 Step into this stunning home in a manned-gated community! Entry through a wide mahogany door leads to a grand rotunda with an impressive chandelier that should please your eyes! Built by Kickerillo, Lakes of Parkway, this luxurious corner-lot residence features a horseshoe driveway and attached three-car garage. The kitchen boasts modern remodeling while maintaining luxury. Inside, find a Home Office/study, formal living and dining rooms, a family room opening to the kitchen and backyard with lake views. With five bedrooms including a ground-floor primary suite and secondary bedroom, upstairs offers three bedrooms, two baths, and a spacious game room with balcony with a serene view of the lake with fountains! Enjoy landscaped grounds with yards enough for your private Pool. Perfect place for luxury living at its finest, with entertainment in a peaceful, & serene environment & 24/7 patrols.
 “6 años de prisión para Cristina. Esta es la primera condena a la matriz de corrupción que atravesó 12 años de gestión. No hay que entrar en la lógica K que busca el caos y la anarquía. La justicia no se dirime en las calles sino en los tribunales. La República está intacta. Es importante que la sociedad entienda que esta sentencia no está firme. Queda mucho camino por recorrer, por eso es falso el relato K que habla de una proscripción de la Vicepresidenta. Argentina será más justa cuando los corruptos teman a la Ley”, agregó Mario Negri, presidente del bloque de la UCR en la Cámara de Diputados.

━━━━━━━━

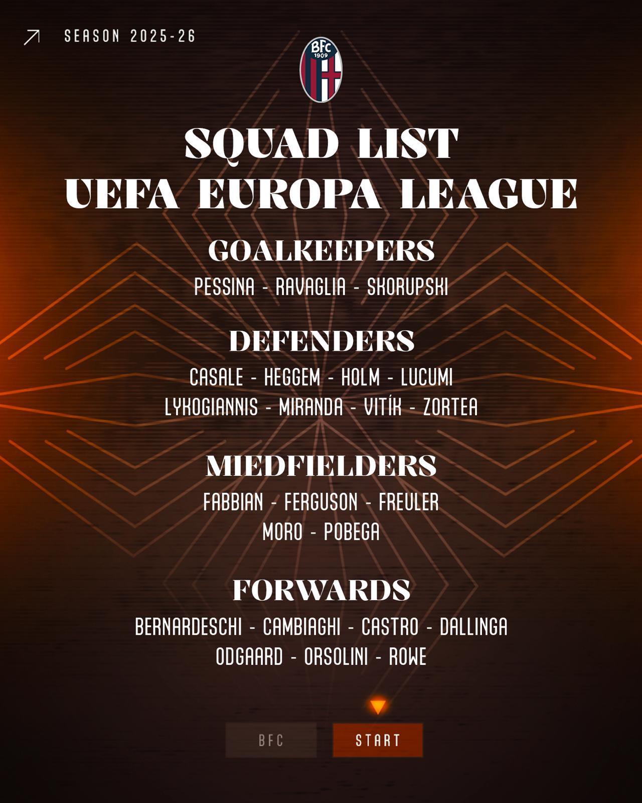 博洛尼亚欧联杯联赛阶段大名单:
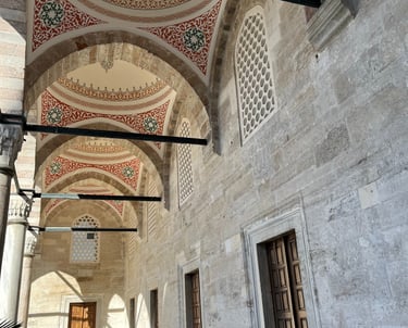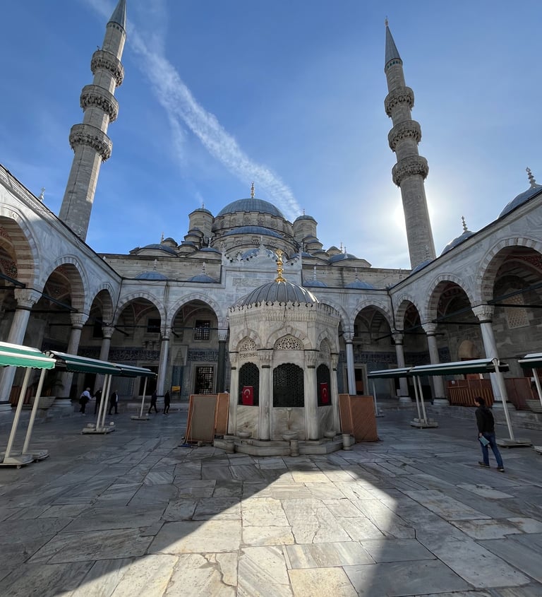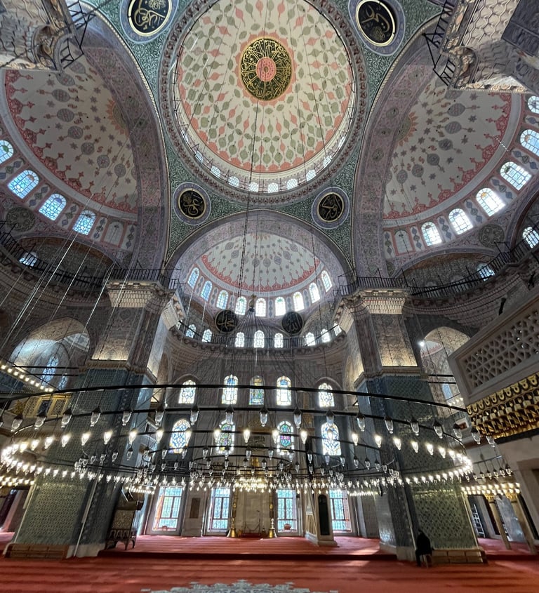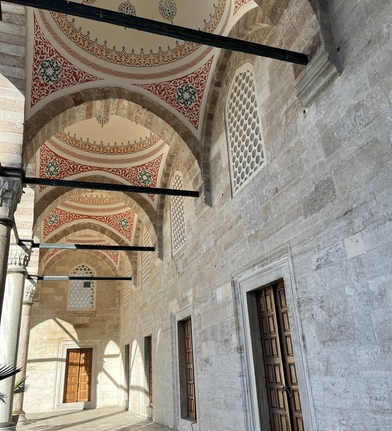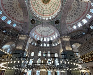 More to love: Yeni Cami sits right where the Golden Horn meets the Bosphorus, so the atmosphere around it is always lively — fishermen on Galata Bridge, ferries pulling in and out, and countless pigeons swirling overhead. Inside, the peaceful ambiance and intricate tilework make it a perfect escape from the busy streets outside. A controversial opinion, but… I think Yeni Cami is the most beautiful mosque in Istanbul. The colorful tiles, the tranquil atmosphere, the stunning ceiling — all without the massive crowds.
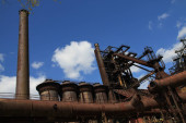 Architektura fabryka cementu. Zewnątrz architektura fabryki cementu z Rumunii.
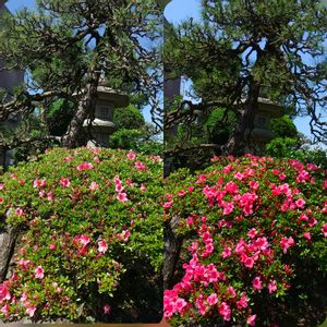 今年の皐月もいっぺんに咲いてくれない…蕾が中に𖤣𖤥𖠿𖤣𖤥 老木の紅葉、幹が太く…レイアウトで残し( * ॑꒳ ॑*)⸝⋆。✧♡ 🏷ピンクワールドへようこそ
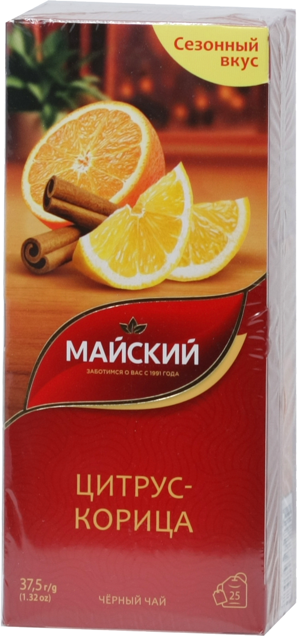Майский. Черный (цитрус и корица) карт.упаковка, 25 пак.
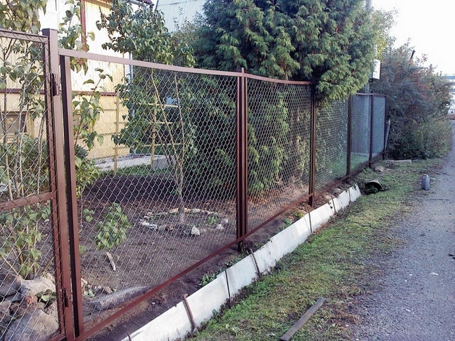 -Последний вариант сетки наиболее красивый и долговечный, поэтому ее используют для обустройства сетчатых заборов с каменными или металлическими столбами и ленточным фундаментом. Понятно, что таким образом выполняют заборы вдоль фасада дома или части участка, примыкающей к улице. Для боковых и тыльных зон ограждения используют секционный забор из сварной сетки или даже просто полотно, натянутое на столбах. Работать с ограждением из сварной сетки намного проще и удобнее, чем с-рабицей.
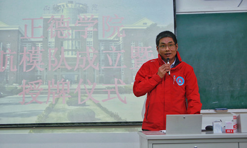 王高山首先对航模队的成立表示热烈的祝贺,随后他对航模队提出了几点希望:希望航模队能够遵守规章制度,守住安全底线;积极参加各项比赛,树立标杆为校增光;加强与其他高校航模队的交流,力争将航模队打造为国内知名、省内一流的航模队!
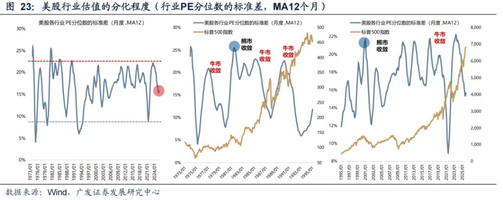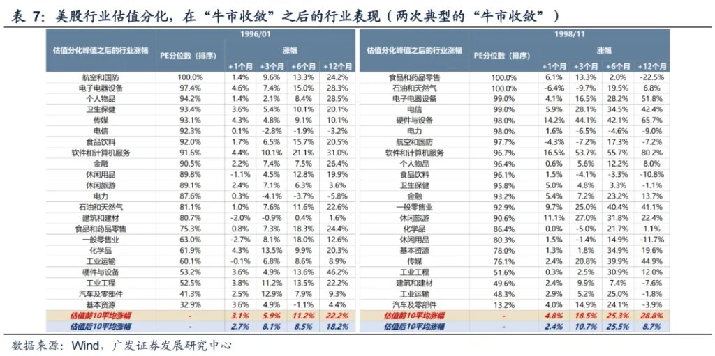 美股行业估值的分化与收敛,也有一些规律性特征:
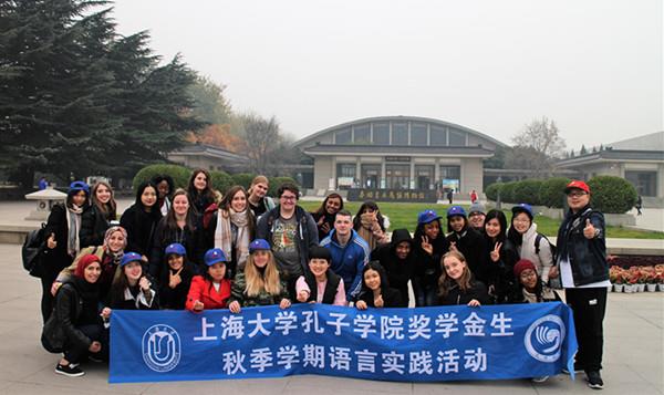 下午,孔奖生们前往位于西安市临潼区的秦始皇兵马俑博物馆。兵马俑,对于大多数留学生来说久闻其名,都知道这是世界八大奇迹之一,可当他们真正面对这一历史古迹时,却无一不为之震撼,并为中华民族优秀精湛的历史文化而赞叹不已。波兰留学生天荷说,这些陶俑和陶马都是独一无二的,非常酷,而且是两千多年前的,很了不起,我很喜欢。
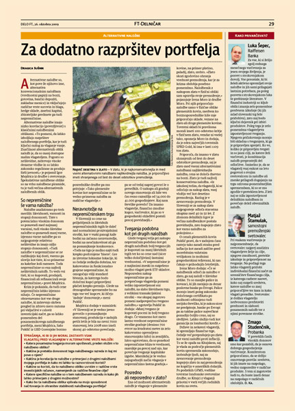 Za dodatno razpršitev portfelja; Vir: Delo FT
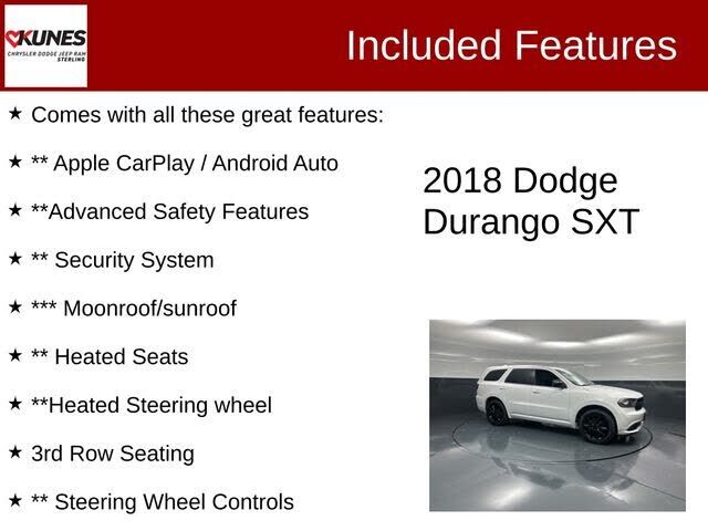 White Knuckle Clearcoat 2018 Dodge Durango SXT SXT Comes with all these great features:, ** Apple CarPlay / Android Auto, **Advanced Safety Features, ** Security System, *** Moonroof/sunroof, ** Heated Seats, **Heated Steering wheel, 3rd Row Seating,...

━━━━━━━━

_Exercise brief:_ Although the records hold pictures, the copy must not; give again exactly the lines from the one with "More to love: Yeni" through the one with "White Knuckle Clearcoat".

_Result for this exercise:_
 More to love: Yeni Cami sits right where the Golden Horn meets the Bosphorus, so the atmosphere around it is always lively — fishermen on Galata Bridge, ferries pulling in and out, and countless pigeons swirling overhead. Inside, the peaceful ambiance and intricate tilework make it a perfect escape from the busy streets outside. A controversial opinion, but… I think Yeni Cami is the most beautiful mosque in Istanbul. The colorful tiles, the tranquil atmosphere, the stunning ceiling — all without the massive crowds.
 Architektura fabryka cementu. Zewnątrz architektura fabryki cementu z Rumunii.
 今年の皐月もいっぺんに咲いてくれない…蕾が中に𖤣𖤥𖠿𖤣𖤥 老木の紅葉、幹が太く…レイアウトで残し( * ॑꒳ ॑*)⸝⋆。✧♡ 🏷ピンクワールドへようこそ
Майский. Черный (цитрус и корица) карт.упаковка, 25 пак.
 -Последний вариант сетки наиболее красивый и долговечный, поэтому ее используют для обустройства сетчатых заборов с каменными или металлическими столбами и ленточным фундаментом. Понятно, что таким образом выполняют заборы вдоль фасада дома или части участка, примыкающей к улице. Для боковых и тыльных зон ограждения используют секционный забор из сварной сетки или даже просто полотно, натянутое на столбах. Работать с ограждением из сварной сетки намного проще и удобнее, чем с-рабицей.
 王高山首先对航模队的成立表示热烈的祝贺,随后他对航模队提出了几点希望:希望航模队能够遵守规章制度,守住安全底线;积极参加各项比赛,树立标杆为校增光;加强与其他高校航模队的交流,力争将航模队打造为国内知名、省内一流的航模队!
 美股行业估值的分化与收敛,也有一些规律性特征:
 下午,孔奖生们前往位于西安市临潼区的秦始皇兵马俑博物馆。兵马俑,对于大多数留学生来说久闻其名,都知道这是世界八大奇迹之一,可当他们真正面对这一历史古迹时,却无一不为之震撼,并为中华民族优秀精湛的历史文化而赞叹不已。波兰留学生天荷说,这些陶俑和陶马都是独一无二的,非常酷,而且是两千多年前的,很了不起,我很喜欢。
 Za dodatno razpršitev portfelja; Vir: Delo FT
 White Knuckle Clearcoat 2018 Dodge Durango SXT SXT Comes with all these great features:, ** Apple CarPlay / Android Auto, **Advanced Safety Features, ** Security System, *** Moonroof/sunroof, ** Heated Seats, **Heated Steering wheel, 3rd Row Seating,...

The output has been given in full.